PROBLEM TO WORK ON: Write the records out exactly, so that no picture remains in the copy.

(Dataset excerpts)
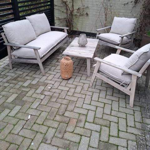Købt i sommers, brugt få gange ellers har den bar stået ude i haven. Hele sættet kan afhentes med det samme samt puderne til sættet
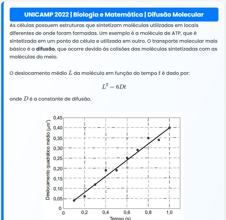 Continue lendoUNICAMP 2022 | Biologia e Matemática | Difusão Molecular UNICAMP 2022 | Biologia e Matemática | Difusão Molecular As células
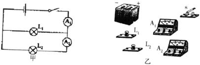 2.在下图甲中,闭合开关后,通过灯泡L1的电流为0.5A,通过灯泡L2的电流为0.4A.
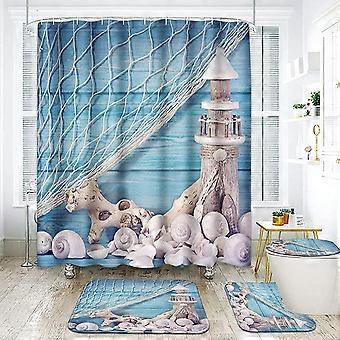 Marine Life Blue Shabby Shell Beach Vintage White Wood 4 Piece Shower Curtain Set With Non Slip Mats Toilet Lid And Bath Mat Bathroom Decor Set 72" X
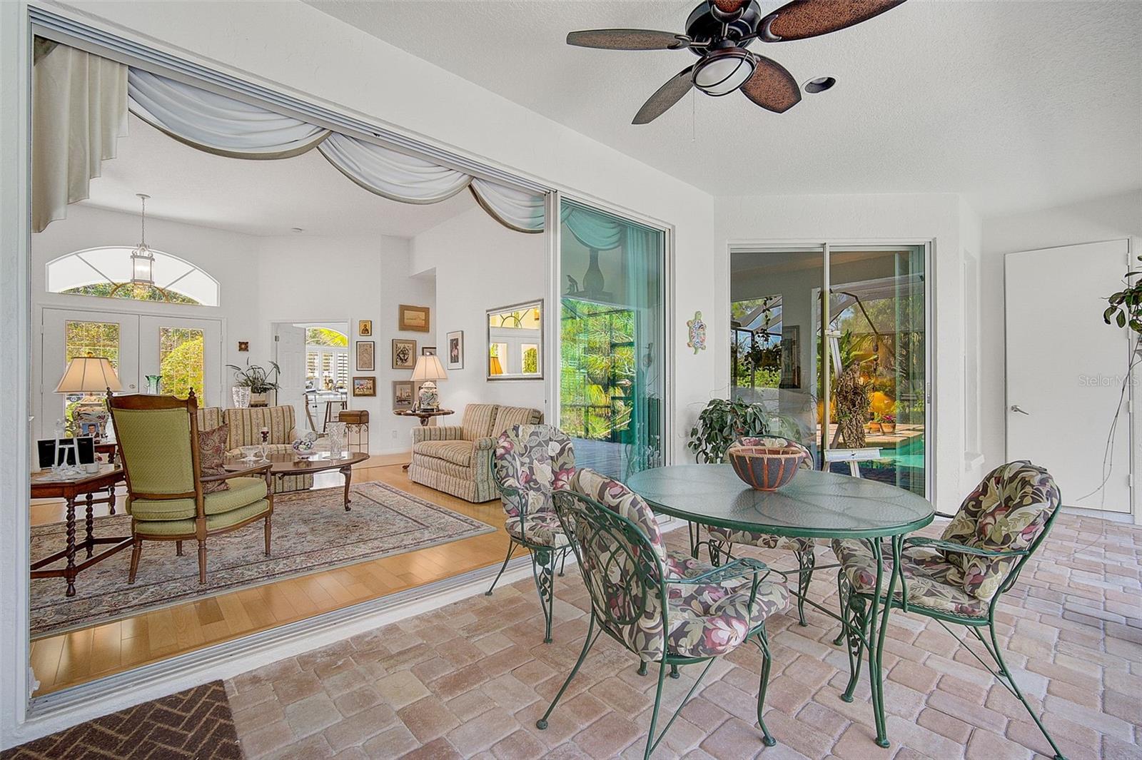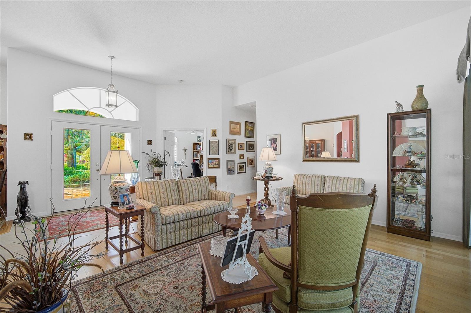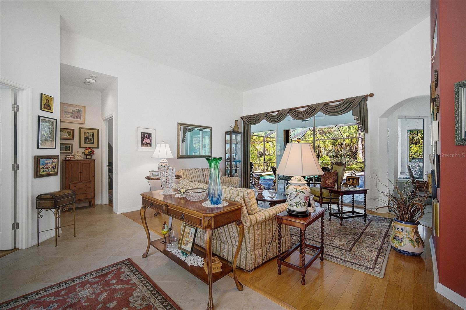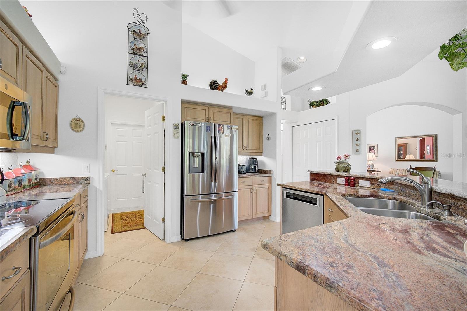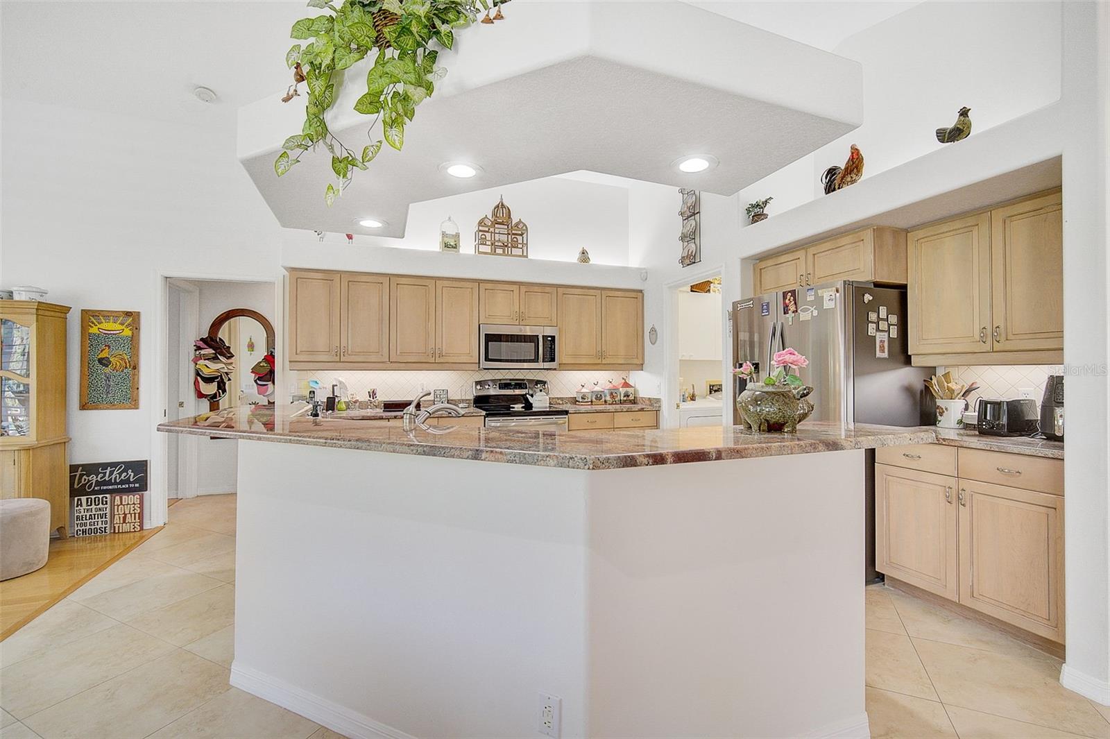 Nestled on a quaint cul-de-sac in the heart of Calusa Lakes is a gardener’s dream. Boasting privacy from every view this amazing property captures the beauty of nature, creating a seamless connection between indoor and outdoor living. The large picture window and numerous sliders bathe the home in natural sunlight and well thought out design is ideal for entertaining. The open chef’s kitchen is equipped with stainless steel appliances and an oversized dual-level island which is open to the family room. The adjoining living room and dining area flow effortlessly to the spacious primary suite with private bath area, walk-in shower and relaxing soaking tub. The two additional bedrooms are located on the opposite side of the home, creating privacy for family and friends. There is also a den or private office area, ideal for working at home, this could also be used as a 4th bedroom.. No worries here with a NEW ROOF and air conditioner installed in 2022. The home has HURRICANE SHUTTERS and has been RE-PLUMBED. This single-level family home offers a tranquil escape while floating in your private pool or just relaxing on your spacious lanai. This home is a quick ride to Nokomis beach and Venice Island with boutique shops, numerous quaint restaurants and cultural activities. The back gate for residence only provides quick access to the new Sarasota Memorial Hospital, I-75 to Sarasota, and airport options north and south. Calusa Lakes is located in a beautiful semi-private golf community where membership is not mandatory for home ownership, there is no CDD and the HOA fee is a low $300 a quarter. BE SURE TO VIEW THE 3-D AND AERIAL TOURS.

SOLVED PROBLEM:
Købt i sommers, brugt få gange ellers har den bar stået ude i haven. Hele sættet kan afhentes med det samme samt puderne til sættet
 Continue lendoUNICAMP 2022 | Biologia e Matemática | Difusão Molecular UNICAMP 2022 | Biologia e Matemática | Difusão Molecular As células
 2.在下图甲中,闭合开关后,通过灯泡L1的电流为0.5A,通过灯泡L2的电流为0.4A.
 Marine Life Blue Shabby Shell Beach Vintage White Wood 4 Piece Shower Curtain Set With Non Slip Mats Toilet Lid And Bath Mat Bathroom Decor Set 72" X
 Nestled on a quaint cul-de-sac in the heart of Calusa Lakes is a gardener’s dream. Boasting privacy from every view this amazing property captures the beauty of nature, creating a seamless connection between indoor and outdoor living. The large picture window and numerous sliders bathe the home in natural sunlight and well thought out design is ideal for entertaining. The open chef’s kitchen is equipped with stainless steel appliances and an oversized dual-level island which is open to the family room. The adjoining living room and dining area flow effortlessly to the spacious primary suite with private bath area, walk-in shower and relaxing soaking tub. The two additional bedrooms are located on the opposite side of the home, creating privacy for family and friends. There is also a den or private office area, ideal for working at home, this could also be used as a 4th bedroom.. No worries here with a NEW ROOF and air conditioner installed in 2022. The home has HURRICANE SHUTTERS and has been RE-PLUMBED. This single-level family home offers a tranquil escape while floating in your private pool or just relaxing on your spacious lanai. This home is a quick ride to Nokomis beach and Venice Island with boutique shops, numerous quaint restaurants and cultural activities. The back gate for residence only provides quick access to the new Sarasota Memorial Hospital, I-75 to Sarasota, and airport options north and south. Calusa Lakes is located in a beautiful semi-private golf community where membership is not mandatory for home ownership, there is no CDD and the HOA fee is a low $300 a quarter. BE SURE TO VIEW THE 3-D AND AERIAL TOURS.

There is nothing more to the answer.